Nikki went to a family with a teenager who has gone through a rough patch, and she says having the dog has saved her, because she doesn't want to leave the dog, the dog has given her a reason to go on.
I have seen so many beautiful pictures of Lassie. I am so happy for her. I never really connected well with her. Bringing her out front and working with her more helped a lot, but now she is the center of attention and someone's princess. They are giving her a good life.

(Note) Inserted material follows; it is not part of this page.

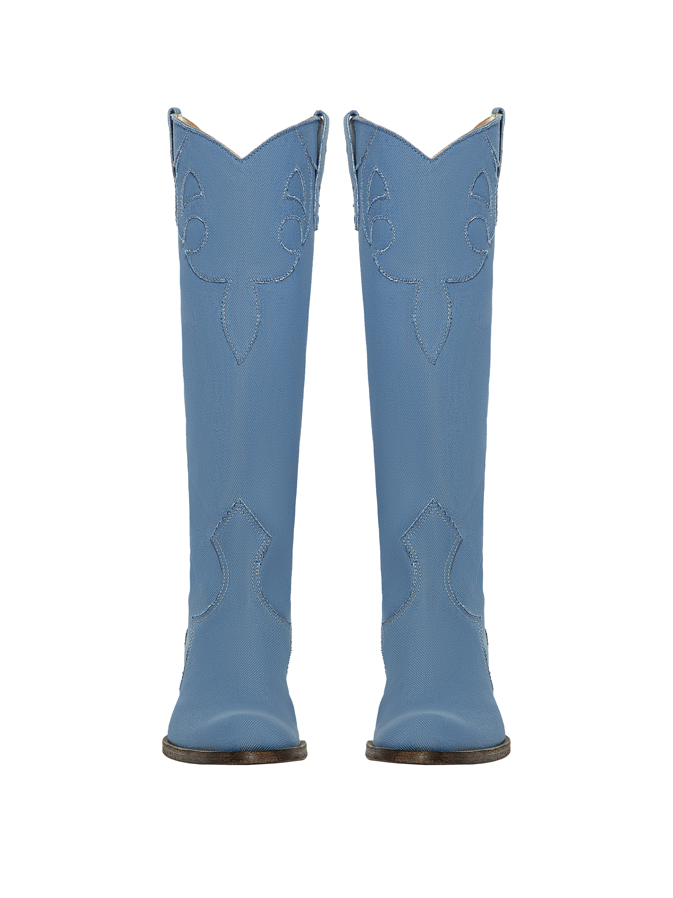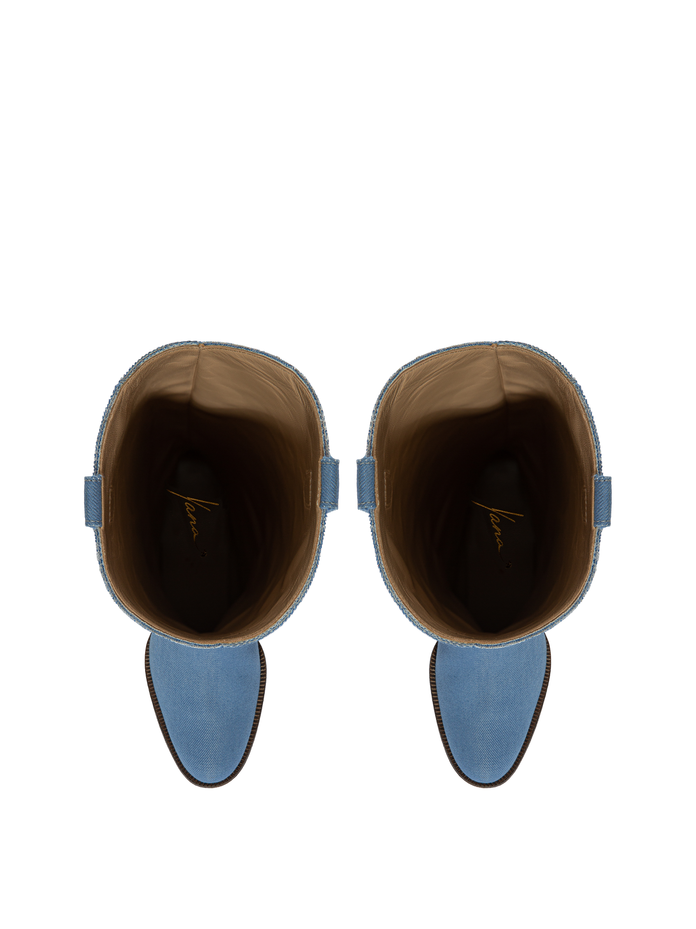 Cowboy boots are a vivid example of versatile footwear that pairs equally well with both jeans and dresses. The brand’s craftsmen made the model from natural beige leather covered with blue denim.

But the others, Jenna, Milla, Ninja, and now little Quinnie. It's getting better, but I can't think about her without tearing up. It's going to take time. But I am able to smile at the youngsters' antics. I am singing to Tinuviel again. And starting to come alive to Uzzi and Kaiah, Kojak and Ramona.
I can't believe that Babsy may hit 14. It will be a miracle, but August is not that far away. She's having a harder time getting up now. She needs a bath and a brush, and toenails done, but I am afraid to put her in the tub. I put her on the table the last time, and she couldn't get up for two days. I am afraid I will lose her. So I am waiting for a good day to hose her and shampoo her without lifting. Heidi too.
Heidi Ho, Odie
Joy-Joy, Bear Cub, Hepsi-Pepsi
Cujo2, Karma Chameleon
Ramona the Pest, Kojak -- who loves you baby?
Tiny Tinnie, Susie's Uzzi, Kaiah -- The Baby Monster.